Researchers Developed A Fabric-based Bio-battery That Can Generate Stable Electricity

12 Dec 2019  by Jessica Miley   

Researchers have developed a stretchable battery made out fabric that could change the way we think about wearables. The development team, led by scientists at the Binghamton University Electrical and Computer Engineering school have created a bacteria-powered bio-battery that can generate stable electricity even when under stretching and twisting stresses.

The team was led by Assistant Professor Seokheun Choi, who has previously made battery breakthroughs using paper-based microbial fuel cells. Choi says the latest research could form the basis of a standard platform for textile-based bio-batteries. “There is a clear and pressing need for flexible and stretchable electronics that can be easily integrated with a wide range of surroundings to collect real-time information,” said Choi. “Those electronics must perform reliably even while intimately used on substrates with complex and curvilinear shapes, like moving body parts or organs. We considered a flexible, stretchable, miniaturized biobattery as a truly useful energy technology because of their sustainable, renewable and eco-friendly capabilities.”

Flexible batteries could change the wearables industry

The batteries have great potential to be used in wearables; even a wearer's sweat could become the fuel to support bacterial viability needed to power the batteries. “If we consider that humans possess more bacterial cells than human cells in their bodies, the direct use of bacterial cells as a power resource interdependently with the human body is conceivable for wearable electronics,” said Choi. The research has been published in the paper “Flexible and Stretchable Biobatteries: Monolithic Integration of Membrane-Free Microbial Fuel Cells in a Single Textile Layer,” in the journal, Advanced Energy Materials. The research was a cross-collaboration between the National Science Foundation, the Binghamton University Research Foundation and a Binghamton University ADL (Analytical and Diagnostics Laboratory) Small Grant.

Choi invents bacteria-powered battery that runs off spit

Assistant professor Choi is an expert in the development of micropower.
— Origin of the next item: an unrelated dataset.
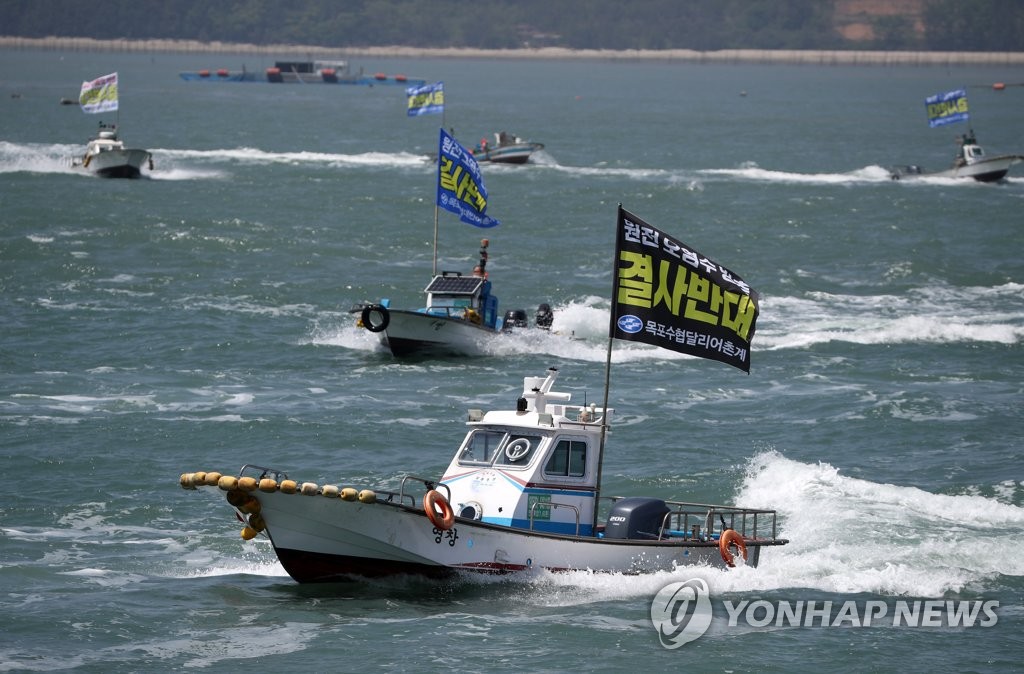 | ▲ 일본 원전 오염수 방출규탄 해상시위 (목포=연합뉴스) 조남수 기자 = 지난달 30일 전남 목포 북항에서 열린 일본의 후쿠시마 원전 오염수 해양방출 규탄대회에서 어선들이 현수막을 걸고 해상 시위를 하고 있다. 2021.4.30 iso64@yna.co.kr |

His main focus has been in the development to power point-of-care (POC) diagnostic biosensors for medical applications. "On-demand micro-power generation is required especially for point-of-care diagnostic applications in developing countries," said Choi. "Typically, those applications require only several tens of microwatt-level power for several minutes, but commercial batteries or other energy harvesting technologies are too expensive and over-qualified. Also, they pose environmental pollution issues." The results of this research have resulted in the creation of paper-based, bacteria-powered battery that employs microbial fuel cells with inactive, freeze-dried exoelectrogenic cells which can generate power within minutes of adding human saliva.

Choi’s and his team of researchers described the battery saying: "The proposed battery has competitive advantages over other conventional power solutions because the biological fluid for on-demand battery activation is readily available even in the most resource-constrained settings, and the freeze-drying technology enables long-term storage of cells without degradation or denaturation.”

Source: Seokheun

The team is now working to expand the capacity of the battery. "Now, our power density is about a few microwatts per centimeter square. Although 16 microbial fuel cells connected in a series on a single sheet of paper generated desired values of electrical current and voltage to power a light-emitting diode (LED), further power improvement is required for other electronic applications demanding hundreds of milliwatts of energy," said Choi.